Identifying connected CS sites.

To identify spinal responses to cortical stimulation, we measured the evoked multiunit responses (Fig. 1b). Single-pulse stimulations were applied via the recording cortical electrodes at 3 Hz and various intensities (50–250 μA). Stimulation was applied while the monkey performed the task; note that in previous work we found no impact of the specific epoch in which stimulations were applied on response magnitude (Yanai et al., 2007). To test response magnitude, we used at least 200 stimuli.

To identify spinal responses, we first removed the mean stimulation artifact (computed for each stimulation session at the given amplitude) from the single sweep signal. Then, the data were digitally bandpass filtered (eighth-order Butterworth filter, 3–6 kHz) to remove any low-frequency component that could contain a field effect, and rectified. This processing is equivalent to extraction of a multiunit signal from the compound extracellular signal (Brosch et al., 1997). Averaging the rectified signal is similar in principle to the widely used method of averaging muscle activity around spike timing or applied stimulations (Fetz and Cheney, 1980; Cheney and Fetz, 1985; Bennett and Lemon, 1996; Perlmutter et al., 1998) and reflects a similar purpose: identifying the multiunit response to cortical stimulation. We thus refer to the mean response amplitude in a given time window (either averaged over repeated stimuli or in a single sweep) as a measure of multiunit activity (MUA). To test for significant corticospinal functional connectivity, we used a paired sample Wilcoxon signed rank test to compare multiunit activity in a time window 2–8 ms after the cortical stimulus onset to a baseline window −10 to −4 ms before the cortical stimulus. This was done for a stimulus amplitude of 150 μA, as this stimulation amplitude was common to all tested sites. An example showing the preprocessing of the stimulus-related response is shown in Figure 1b.

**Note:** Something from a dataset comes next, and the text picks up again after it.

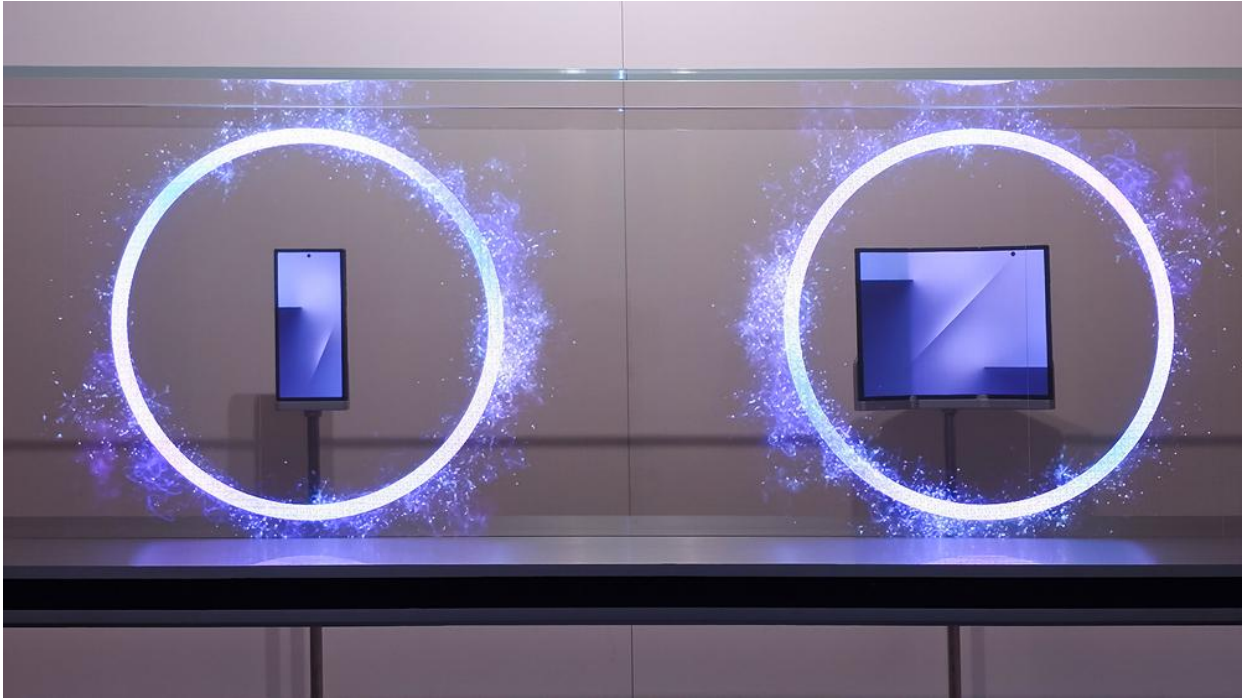
Das Samsung Galaxy Z TriFold

Quantifying spinal responses.

For connected CS sites, we measured the properties of the evoked spinal response by using an inspection window that spanned 1.3–10 ms. The lower bound was set to the earliest expected poststimulus effect (Fetz and Cheney, 1980). We aligned the processed (see above) single sweeps on stimulus onset time and averaged them. We then computed the mean and SD of the averaged trace in the baseline window (−10 to −4 ms before stimulus onset). In the inspection window, we looked for all occurrences of sustained activity (>0.5 ms, equivalent to 13 samples) above the mean plus 2 SDs of the baseline. Note that for a given average trace, multiple periods of sustained activity can be found. The onset and offset times of such sustained activity were defined to be the first preceding or subsequent bin below the mean plus 1 SD, respectively. Response magnitude was the integral of the activity above the mean baseline in all epochs of sustained activity divided by the baseline SD. Onset latency was defined as the start time of the earliest occurrence of sustained activity.

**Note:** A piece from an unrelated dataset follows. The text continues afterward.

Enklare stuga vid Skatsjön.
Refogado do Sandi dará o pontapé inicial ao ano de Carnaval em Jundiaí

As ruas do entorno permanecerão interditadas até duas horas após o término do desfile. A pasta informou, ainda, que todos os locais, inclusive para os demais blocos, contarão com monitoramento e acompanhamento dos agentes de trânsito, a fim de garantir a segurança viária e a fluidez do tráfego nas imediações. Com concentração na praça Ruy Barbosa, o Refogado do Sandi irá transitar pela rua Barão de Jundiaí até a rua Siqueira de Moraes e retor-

Stimulus-evoked responses of single spinal neurons.

We used the compound neural signal (bandpass filtered at 300–6000 Hz, ×10,000 gain and sampled at 25 or 50 kHz) and first removed the stimulation artifact by subtracting the average profile of the stimulation artifact. Subsequently, we off-line sorted the compound waveform to extract spikes of single cells (Alpha Sort, Alpha-Omega). We then computed the peristimulus time histogram (PSTH) for single cells in a time frame of −20 to +20 ms around stimulation time using a 0.2 ms bin size. Background firing was computed from −20 to −10 ms before stimulus onset. The poststimulation response (starting 2 ms after stimulus onset) was tested against background firing in a sliding window of 0.4, 1, and 2 ms, shifted in 0.2 ms steps (1 bin). We t tested the single-sweep firing rates relative to the background firing and identified significant responses, defined as those that deviated from the background level with p < 0.01 per number of bins (i.e., Bonferroni correction to compensate for the fact that each bin was tested several times). We identified excitatory or inhibitory responses in the time frame of 2–15 ms defined as a set of at least four successive significant bins. The response of each cell was tested at different stimulation amplitudes since excitation and inhibition could potentially have different threshold levels. We selected cells that were responsive in at least one stimulus intensity. Each of the 27 spinal cells was tested with multiple stimulations intensities, yielding a total of 50 cases in which stimulations were applied in M1, and 17 cases in which stimulations were applied in the PM cortex.

Evoked muscle fields.

We computed the evoked EMG response to single-pulse cortical stimulations applied at 3 Hz. To identify the stimulus-induced response for each channel separately, the average activity in a time window (−20 to −6 ms) before stimulus onset was compared with the average activity in a time window (6–20 ms) following stimulus onset. The comparison of these trial-by-trial activations was performed across stimulus repetitions using a two-sided rank sum test (Wilcoxon rank sum test). The muscle field size for a session was calculated as the number of channels with significant responses (p < 0.05).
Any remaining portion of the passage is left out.